"The US military has been stationed in Okinawa since 1945, occupying almost 20% of the main island where 1.36 million people live. In the fierce "Battle of Okinawa" at the end of WWII, 25% of the population died. When Okinawans who had been displaced by the battle returned after the war, they found their lands taken by the US military.
During the Korean War in the 1950s, Okinawa functioned as an outpost. Women working in bars around the bases faced brutal violence, rape, and murder by soldiers. During the Vietnam War, when all US soldiers finished their last training in Okinawa before deployment in Vietnam, many women, especially those in the sex industry, were raped and killed. Many who were assaulted were deeply traumatized and severely suffer to this day.
US soldiers' sexual crimes know no national boundaries. On November 1, 2005, a woman was raped by a US Marine while three others looked on. The four Marines belonged to a unit stationed in Okinawa, but were at Subic Bay participating in a joint "war-on-terror" exercise with the Philippines military. On December 4, 2006, only one of them, Lance Cpl. Daniel Smith, was convicted in Philippines court, while the others were acquitted and immediately returned to Okinawa. Smith may face 20 to 40 years of imprisonment, though he has since been returned to US custody and many doubt that he will serve his sentence.
In a similar case in Okinawa in June 2001, the sentence was only three years, demonstrating a clear contrast between the criminal justice systems of Japan and the Philippines regarding sexual crimes. In fact, the US government has agreed to turn suspects over to Japanese authorities in cases of rape because of the light sentences for sexual crimes in Japan."
- Suzuyo Takazato - "Outposts of Violence: Sixty Years of Women's Activism Against US Military Bases"
http://www.peaceworkmagazine.org/outposts-violence-sixty-years-womens-activism-against-us-military-bases
Suzuyo Takazato is co-founder of the activist group Okinawa Women Act Against Military Violence.
From a regular newsletter I receive via email, published by Pete Shimazaki (doktor). I had learned of the death of a relative of mine:
"I leave you with the words of an Okinawan elder and non-violent resistance encampment that he told some Okinawan-Americans from Hawai`i during the 2006 Uchinanchu Taikai before he unfortunately passed away last year: "Tell the diasporic Uchinanchu (Okinawans) that if we lose Henoko (to the military), we'll have lost Okinawa (as a whole)."(Mr. Kinjo to Dr. Joyce Chinen)."
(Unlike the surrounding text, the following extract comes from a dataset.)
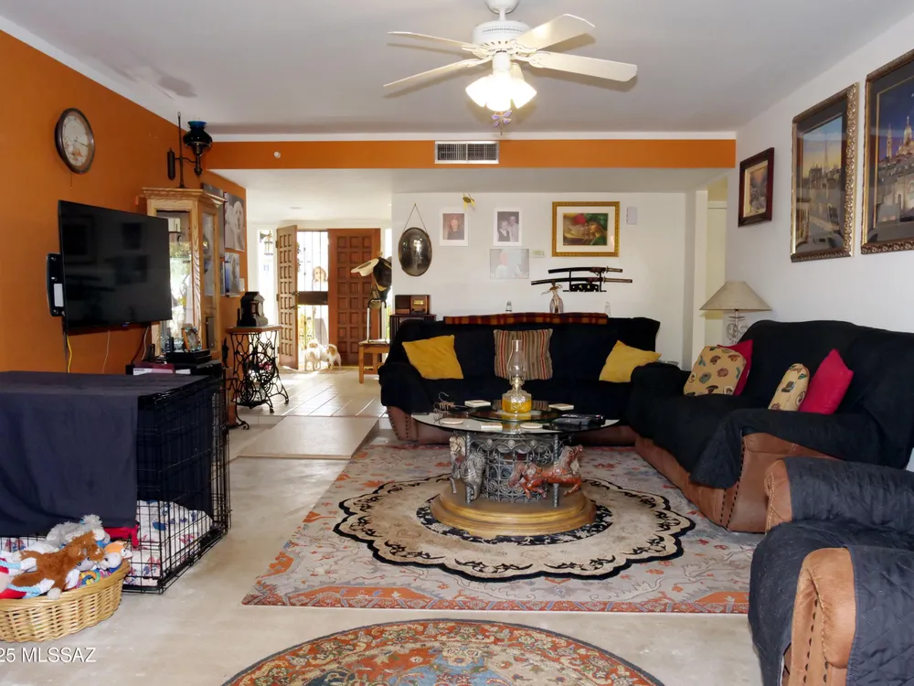 Welcome home! 2bedroom, 2bathroom townhome located in the Omni Tucson National, 55+ gated community. A new HVAC system was installed on 9/29/2025 with a warranty also new carpet in the living room, new ceiling fan and new paint in Primary bedroom.Sunken living room has a ceiling fan facing the doors to a spacious patio surrounded by backyard oasis with fruit trees. The primary suite also has a sliding door to the backyard for morning coffee, and offers comfort and convenience with a dual vanity and soaking tub/shower with grab bars.The kitchen features plenty of cabinet space and a ceiling fan to keep u cool, opening up to a bright dining area /office with a large window. 2car garage with laundry hookups.Enjoy the friendly community, potlucks to year-round fun at the heated pool and spa,

I have known of the aforementioned struggle of Henoko, since my last return to Okinawa in 1995; when meeting most all of my relatives (including my half brother. Mr Kinjo words strike my heart, even though I am by blood only partially Okinawan - I, nonetheless consider myself as a part of 'the diasporic uchinanchu', having many relatives in Okinawa. Both of these issues have a profound and deep influence as to why I am so radical in my stand with human rights and peace. My brother in Okinawa was one of the consequences of the terrible way Okinawan women were treated by much of the military there. He is not with me in this country, which he has full rights to be here, but because a US Marine sergeant who lives in San Diego refuses to admit being the father - my brother was not granted the right to live here. So for 50 years we have been separated. We should have been together as a family. Even our mother is gone. She, after seemingly failing to bring her first son to America, committed suicide when I was only 2 years old. No U.S official nor red Cross official notified my family in Okinawa that she was dead. They learned of her death when after my father died, my American grandmother had to tell them some 12 years later. MY Okinawan family thought she was angry with them because her letters stopped and they did not know why for those 12 years. When I returned to Okinawa in 1995, I was shown where my mother grew up and lived, and was shown the letters she had written. Some of these letters were read to me by cousin. I* am 52 years old, and my brother is in his late 50's, I am not sure. But when I met him for the most part, the first time in my life. He told me in Japanese, that he remembered holding me, his little brother who was about to leave to America with mother and father. To this day, it pains me deeply that we are such a wide distance apart, not only by the Pacific Ocean but by language and culture. When we saw each other at the airport in Okinawa, we embraced each other, my Okinawan grandmother spoke, saying the lost son has returned.
Now that I am 52, completely settled in the language and culture of America, will I ever return to Okinawa? Will I ever be able to get to know more about my brother and the rest of the family? At this point, such seems like such an impossibility. I do not have the money, I still cannot speak the language, neither Japanese nor the Okinawan dialect. I am very ill with diabetes and other complications, and may not survive the coming decade. Much of my family has died, and many still have never met me. For many years I have identified with the fable of the Flying Dutch man who in exile could never really find a country to settle in and be a part of. But I need so much to share this with whomever can listen and become sensitive to us who were as much the victims of war as those who were actually killed in war.
I walked the streets of Naha, where I was born, and the village where my mother was born and raised. I traveled from one end of Okinawa to the other. I so much wanted to stay, but was not able to. The Japanese government was not ready to let me. So now, here I am, a member of the diasporic uchinanchu, dreaming of the impossible.